The results are consistent with those in part i for three reasons. First, the p-value of the global F-test on this model is smaller than 0.05, so the global F-test is statistically significant.

Second, the three variables incorporated in this AIC model are the same as the statistically significant variables identified in part i. Moreover, the values of the coefficients in AIC model are very close to the values in the full additive linear regression model.

Finally, the three variables in the AIC model are also statistically significant. (The values of the coefficients can be found in the original .Rmd)

Part III

The linear model obtained by backward-elimination BIC method is:

\[\hat{y}=\hat{β_0}+\hat{β_1}list+\hat{β_5}taxes+\hat{\beta_7}location\]

where \[\hat{β_0} = 7.621\times 10^{4}\], \[\hat{β_1} = 0.8295\], \[\hat{β_5} = 21.03\], \[\hat{β_7} = 1.32\times 10^{5}\]

The results are consistent with those in part i and ii for three reasons. First, the p-value of the global F-test on this BIC model is smaller than 0.05, so the global F-test is statistically significant.

Second, the three variables incorporated in this BIC model are the same as the statistically significant variables identified in part i and ii. Moreover, the values of the coefficients in BIC model are very close to the values in the full additive linear regression model as well as the AIC model.

Finally, the three variables in the BIC model are also statistically significant. (The values of the coefficients can be found in the original .Rmd)

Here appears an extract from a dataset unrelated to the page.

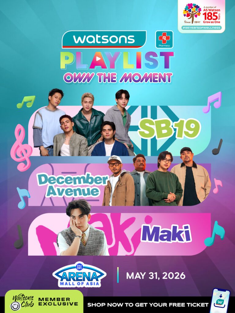 The generation’s OPM powerhouse headlines this year’s Watsons Playlist alongside SB19, December Avenue, and Maki. With each artist bringing their own interpretation of love, challenges, and hope, the event promises a one‑of‑a‑kind collaboration that blends their music and stories like never before.
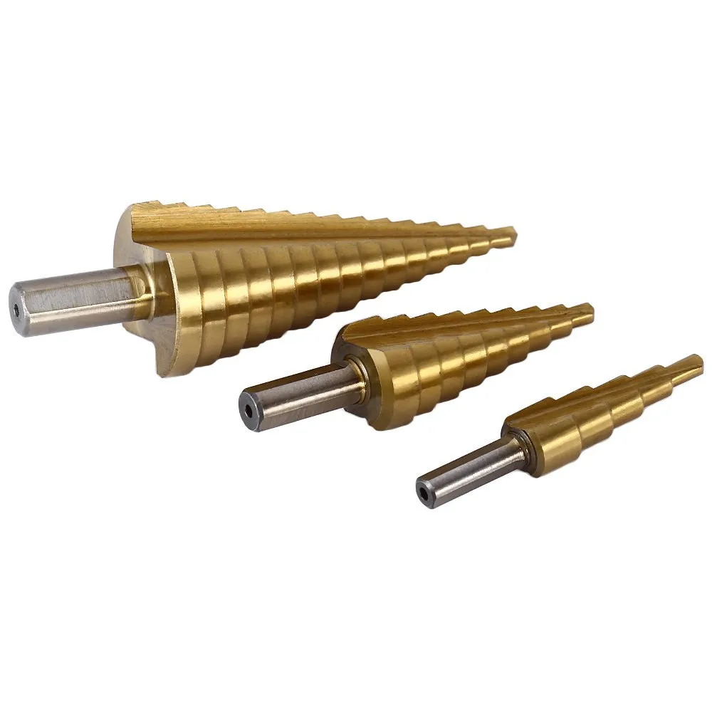 Посылка в комплекте: 3 конусных сверла HSS 4241 с титановым покрытием

IV. Discussions and Limitations

Diagnostic Plots and Interpretation

Figure 6. Diagnostic plots for backward BIC model

The first plot 5830 Residuals vs Fitted in Figure 6 shows the association between residuals and fitted values of the model. The overall trend is close to a horizontal line i.e. no association between these two variables. From this graph, we may say the assumption of linear relationship is mainly satisfied.

The second plot 5830 Normal Q-Q in Figure 6 can be used to examine whether the errors are normally distributed. If the standardized residuals are normally distributed, the points should be close to the theoretical quantile-quantile line (straight dotted line in Figure 6).

Since the points are quite close to the line except for the tail and the first few points, we can claim that the normal error MLR assumption is mainly satisfied.

The third graph is 5830 Scale-Location plot in Figure 6, which shows the relationship between \(\sqrt{\text{Standardized Residual}}\) vs fitted values. It can be used to check the assumption of constant variance. The assumption is satisfied if no pattern is found (horizontal line) and the points are equally spread. Since there is a slightly increasing trend in this graph, the assumption of constant variance is violated to some extent.

The fourth graph is 5830 Residuals vs Leverage. This graph can be used to identify influential points. There are not outliers in this case.

Next Step

To investigate a full ‘final’ model, we can improve the current model by remedy. Since the assumption of constant variance is violated to some extent, we can transform the dependent variable or fit a generalized linear model for remedy.

Moreover, we discarded NAs in our analysis, but removing these values will affect the statistical power of our model and NA values may contain information that is useful for our analysis. Hence, we can study what NAs represent in our sample and how we can utilize all the data in the original sample to a great extent.

Furthermore, there are many more cases in the original dataset, so we can generate another sample and/or a sample with larger sample size. Then we can study the MLR for the new sample. Finally, we can compare the new model from the new sample with our final model in the last part, and find a full model that explains the data the most.